Half of the cohort received dialysis while in the ICU and 51.9% died in the hospital.

They created a risk score based on:

  • Age
  • Gender
  • Respiratory failure
  • Liver failure
  • Hematologic failure
  • Creatinine
  • BUN
  • Log urine output
  • Heart rate

They then showed that their new model beating the crap out of the old models with an AUC on the ROC of 0.832. The best other scoring system, SAPS2, received only a 0.766. The APACHE II had an AUC of only 0.634. (Perfect AUC is 1.0 and a worthless value is 0.5).

The biggest weakness is that the Mehta score (the eponyminous name for the score created with The PICARD Data) was able to predict outcomes well when you tested it using the data used to define the score. This is the ultimate home field advantage. Levey in the MDRD group divided their cohort into a derivation group and a validation group. This current authors did not do that.

This will be a moot point if the score is validated in a new independent study. I wonder if the ATN group did that? I bet they did, or will publish on this soon.

My fellow just answered a question I have had for years.

Part of the dogma of evaluating iron deficiency in patients with anemia is that after a transfusion the iron indices are altered. Over and over the question comes up…

How long after a transfusion do you have to wait before checking to see if the patient is iron deficient?

Well Jabri, my current fellow went to the literature and found this reference. It looks like the answer is you should be safe 48 hours after the transfusion. This surprised me, I expected the acute effects of the transfusion to persist longer than that.

Abstract from the paper:

The effect of transfusion of packed red blood cells on serum iron level, total iron-binding capacity, and transferrin saturation was studied. Samples of blood from 37 hemodynamically stable patients were obtained for analysis at various intervals following the transfusion of packed red blood cells. In 10 patients with possible iron deficiency, a significant rise in serum iron level and transferrin saturation occurred during the 24 hours following transfusion, which persisted at a marginally significant level up to 36 hours.
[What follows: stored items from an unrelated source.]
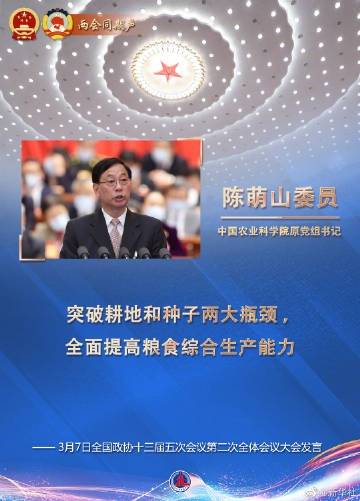 #2022两会同期声##突破耕地和种子两大瓶颈#7日上午,全国政协十三届五次会议举行第二次全体会议。12名委员作大会发言。陈萌山委员发言。#全国两会2022#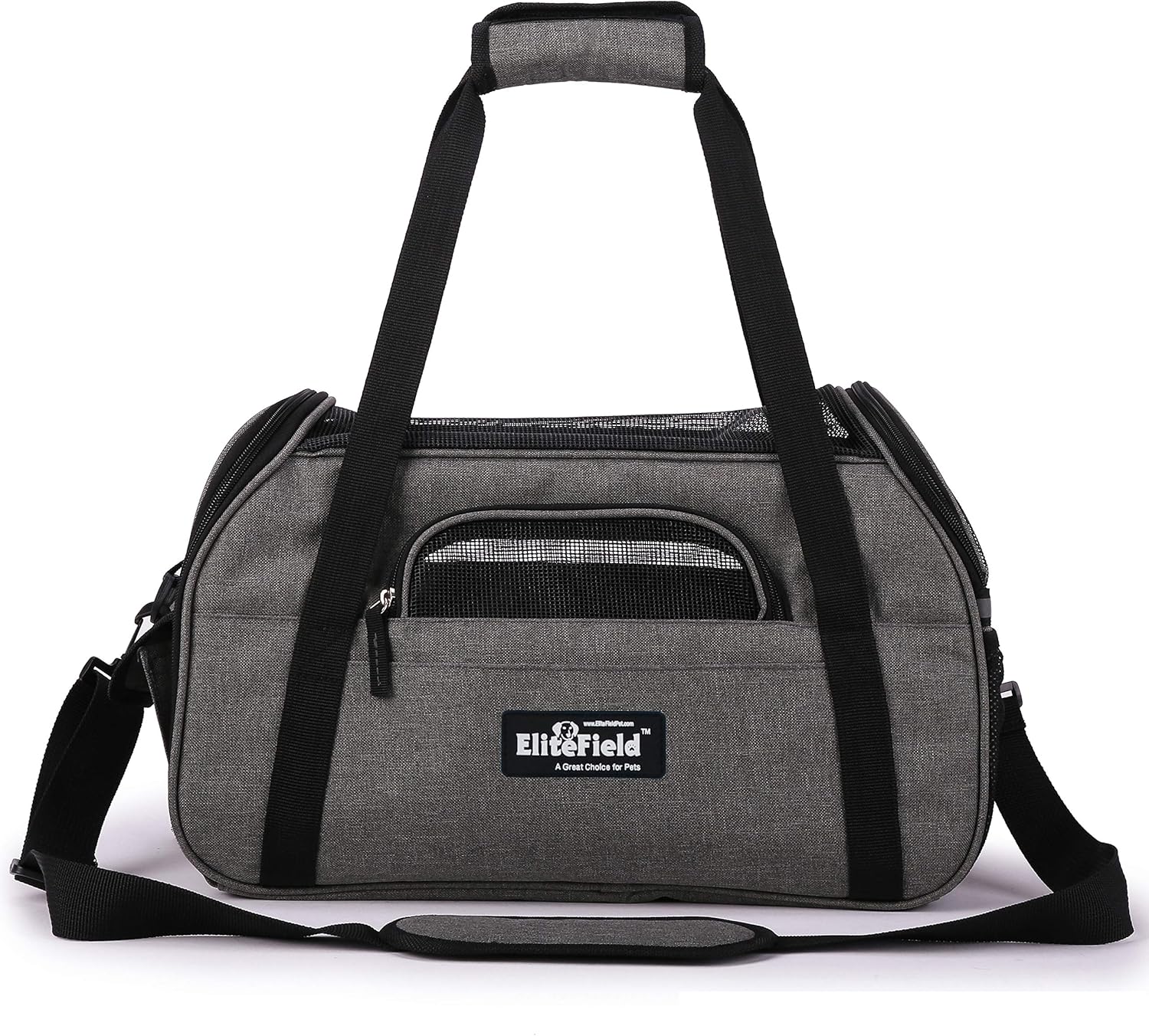 EliteField Soft Sided Pet Carrier (3 Year Warranty, Airline Approved), Multiple Sizes and Colors Available (Large: 19″ L x 10″ W x 13″ H, Charcoal Gray)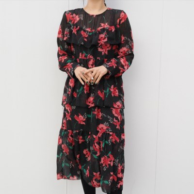 화사한 컬러감이 돋보이는 쉬폰원피스예요. 블랙바탕에 레드 플라워패턴이 프린팅되어 얼굴을 환하면서 화사한 느낌을 주었어요!

In the remaining 27 patients, a significant rise was also noted in serum iron level and transferrin saturation results, but the rise did not persist beyond the 24 hours after transfusion. No change in total iron-binding capacity was noted in either group. These data show that the diagnosis of iron deficiency (based on a transferrin saturation of < 0.16) might be missed if iron studies are performed on patients within 24 hours following packed red blood cell transfusion. Therefore, if serum iron studies are obtained for patients suspected of having iron deficiency anemia, these studies are best done on blood samples obtained before blood transfusion.